8. The method of claim 7, further comprising navigating the virtual environment using the at least one display device.

9. The method of any preceding claim, wherein the at least one display device comprises a head-mounted display, HMD.

10. The method of any of claims 7 to 9, further comprising incorporating, in the virtual environment, a virtual representation of the person viewing the virtual environment based on the determined relative position of the viewpoint.

11 . The method of any preceding claim, further comprising determining a position or spatial location of the one or more sensors relative to the real scene, optionally using one or more simultaneous localization and mapping, SLAM, algorithms.

12. The method of any preceding claim dependent from claim 2, further comprising incorporating, in the virtual environment, a virtual representation of the person located at the real scene based on the determined relative position of the one or more sensors.

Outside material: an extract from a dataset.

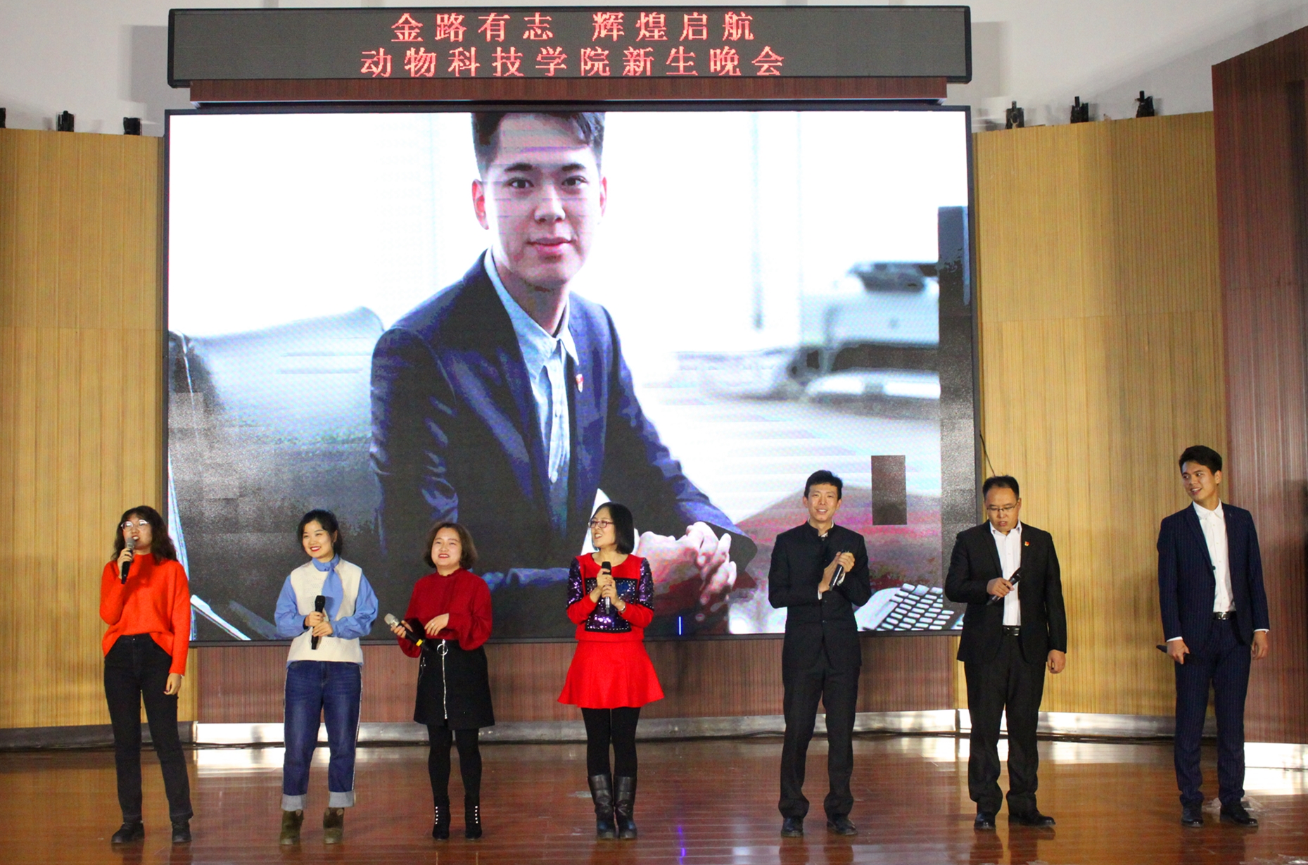 在学院已经毕业的学长学姐精彩的开场舞之后,全体院领导为员工献上一场“青春与梦想”的朗诵,孙东波经理代表学院全体教师为2019级员工送上一份“永不过期的祝贺”,并希望新同学们要树立远大理想,拒绝平庸;热爱祖国,锤炼品格;担当时代责任,以强农兴农为己任;感恩父母,尊师爱校,做一名厚德重情的动科人。共筑动科梦,共筑八一农大梦,共筑中国梦。

13. The method of any preceding claim, further comprising detecting an interaction of the person located at the real scene and/or a viewer of the at least one display device with the virtual environment, optionally by using one or more sensors to detect hand movements and gestures of the person located at the real scene and/or the viewer of the at least one display device.

14. The method of claim 13, further comprising displaying the interaction in the virtual environment.

15. The method of claim 13 or of claim 14, wherein the interaction with the virtual environment comprises generating an annotation that is incorporated into the virtual environment.

16. The method of any of claims 13 to 15 dependent from claim 3, further comprising displaying the interaction in augmented reality over the real scene to the person located at the real scene.

17. The method of any preceding claim, wherein the depth data comprises: i) point cloud data; or ii) a depth map.

18. The method of any preceding claim, further comprising obtaining colour and/or texture data of the real scene and projecting the colour and/ortexture data onto the virtual representation.

19. A system for generating a virtual reality environment, the system comprising: one or more sensors configured to obtain depth data of at least a part of a real scene; a processor configured to generate a virtual environment by generating a virtual representation of the at least a part of the real scene using the obtained depth data; and one or more displays configured to display the virtual environment.